→ The task: Reproduce only this stretch of the listing below: from the line with "图为中贸圣佳国际拍卖有限公司董事长刘亭女士正在致辞" through the line with "Södra skolan, senare", exactly as written, with pictures excluded.

:::::

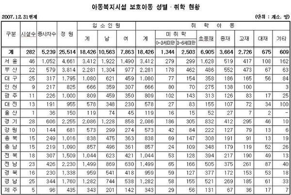 2007년도 아동복지시설에서 생활하고 있는 아이들의 성별 및 연령대를 살펴보면 총 18,426명으로 그 중 남자가 10,563명 여자가 7,863명이었다. 전체인원 18,426명 중 미취학 아동이 3,847명,초등학생이 6,005명, 중학생이 3,664명, 고등학생이 2,726명으로 초등학생의 비율이 가장 높았으며 중학생과 미취학 아동들의 비율은 비슷함을 볼 수있었다. 전체 시설수와 생활 아동수를 비교해보면 서울이나 부산처럼 대도시의 경우 시설당 생활 아동의 수가 1000명에 달하는 것을 볼수 있었다.
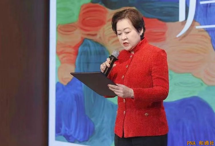 图为中贸圣佳国际拍卖有限公司董事长刘亭女士正在致辞
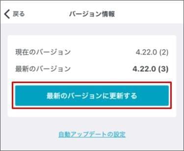 [最新のバージョンに更新する] の表示の場合は、タップすると最新版へアップデートが完了します。
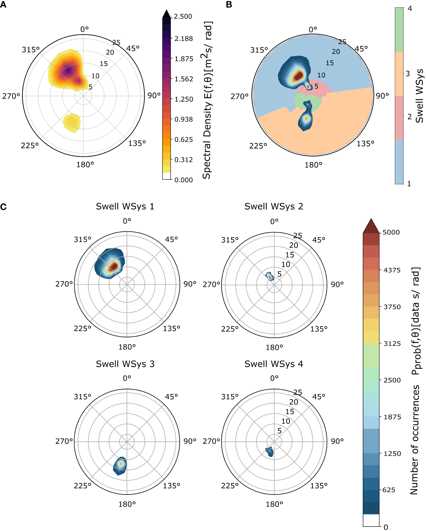 Figure 5 depicts the 32 year time averaged directional wave spectrum (panel A). The values of Pprob (number of occurrences) are shown in Figure 5B, for the total Pprob. In Figure 5C, the found four swell wave systems are depicted. The colorbar on panel a) represents the energy corresponding to the directional wave spectrum, whereas the colorbar in Figure 5B shows the watershed output, which defined the swell wave systems. The colorbar in Figure 5C depicts the number of spectral partitions of an hourly sea state that fall in a specific frequency-direction bin.
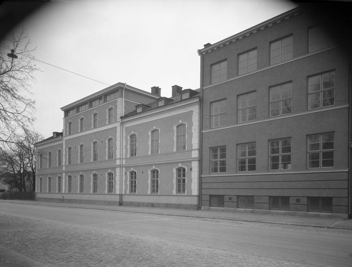 Södra skolan, senare Tingvallaskolan, med tillbyggnad. Skolan byggdes 1872 och var stadens största folkskola tills dess att Herrhagsskolan invigdes år 1906. Båda husen, det nyare byggt runt 1930, revs i början på 1990-talet. Bilden togs 1931.
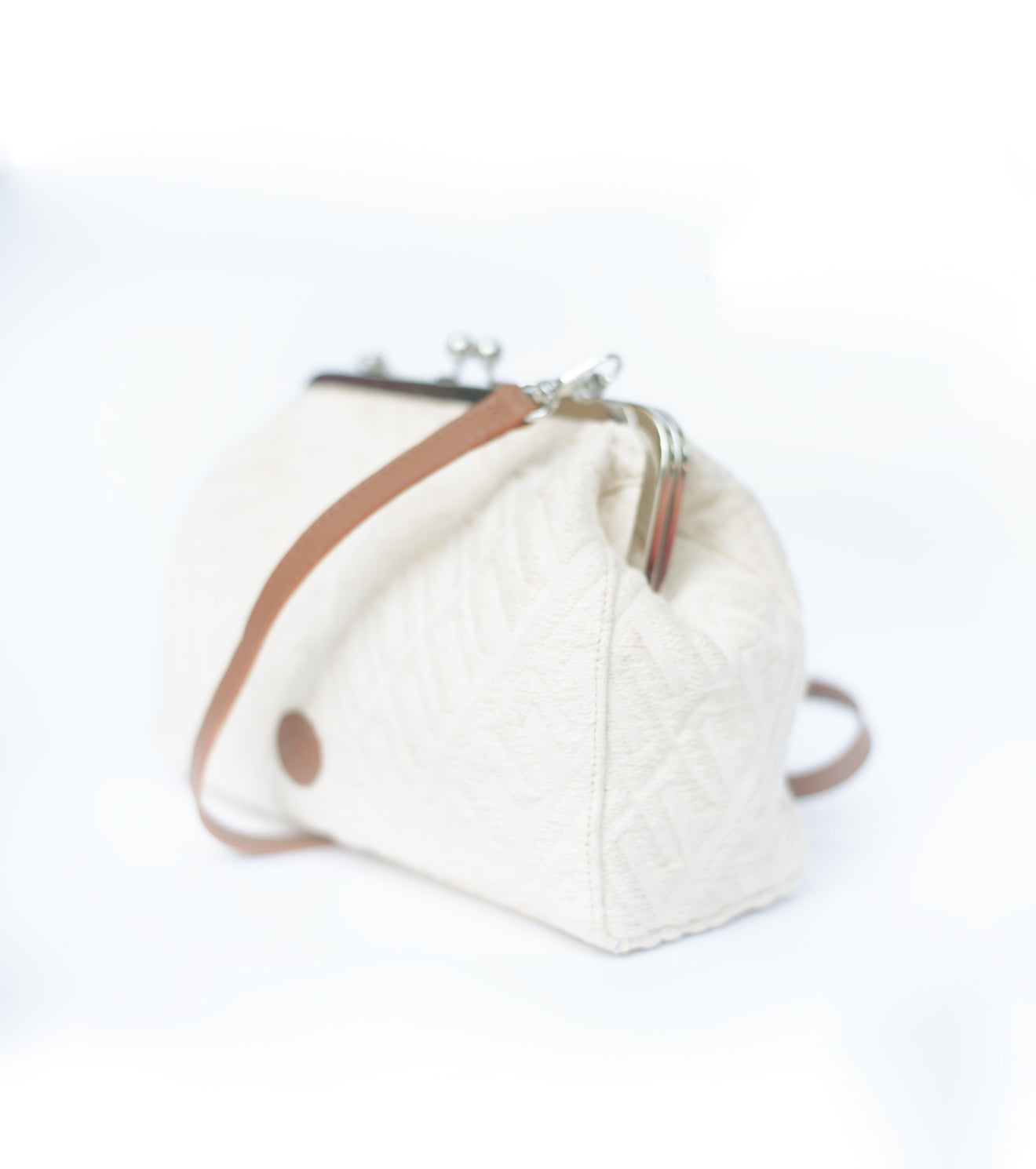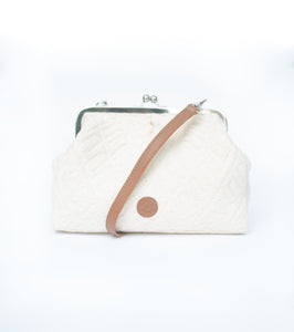 Elegant, minimal, and beautifully textured, this off-white canvas clutch brings together craftsmanship and utility. Designed with a subtle woven pattern and a detachable tan strap, it doubles as a handheld clutch or a chic sling. Perfect for daytime events or evening gatherings, it adds understated sophistication to any look while keeping essentials close and secure.
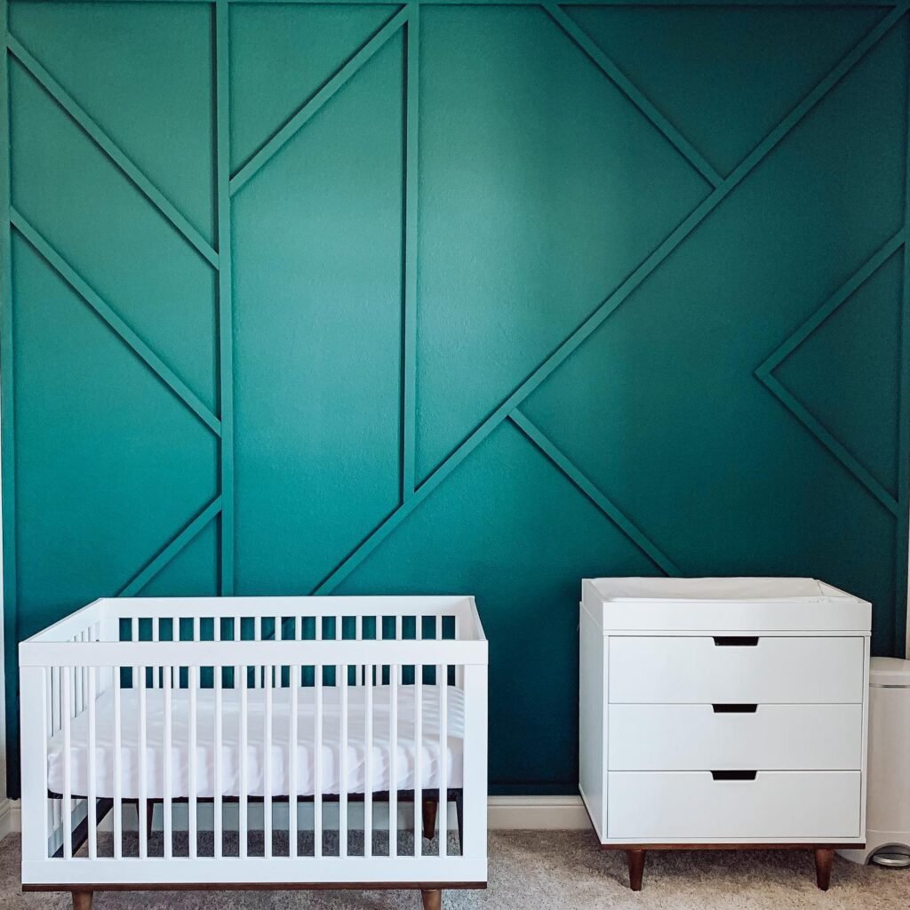 This stylish setup has a totally striking modern feel. The wall behind the crib is painted a deep emerald green that makes the whole room pop. On top of that, there’s a cool geometric wood design that adds shape and texture. It’s super clean but still fun. The wall feels like art. The simple white crib with wood legs looks great in front of it and adds a calm, fresh vibe.
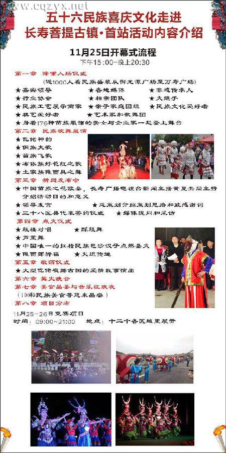 摘要: “大重庆·大创新·领跑民族文化”五十六民族风情体验活动新闻发布会和点火仪式将于11月25日下午在长寿菩提古镇举行。

:::::

→ Exercise solution:
 图为中贸圣佳国际拍卖有限公司董事长刘亭女士正在致辞
 [最新のバージョンに更新する] の表示の場合は、タップすると最新版へアップデートが完了します。
 Figure 5 depicts the 32 year time averaged directional wave spectrum (panel A). The values of Pprob (number of occurrences) are shown in Figure 5B, for the total Pprob. In Figure 5C, the found four swell wave systems are depicted. The colorbar on panel a) represents the energy corresponding to the directional wave spectrum, whereas the colorbar in Figure 5B shows the watershed output, which defined the swell wave systems. The colorbar in Figure 5C depicts the number of spectral partitions of an hourly sea state that fall in a specific frequency-direction bin.
 Södra skolan, senare Tingvallaskolan, med tillbyggnad. Skolan byggdes 1872 och var stadens största folkskola tills dess att Herrhagsskolan invigdes år 1906. Båda husen, det nyare byggt runt 1930, revs i början på 1990-talet. Bilden togs 1931.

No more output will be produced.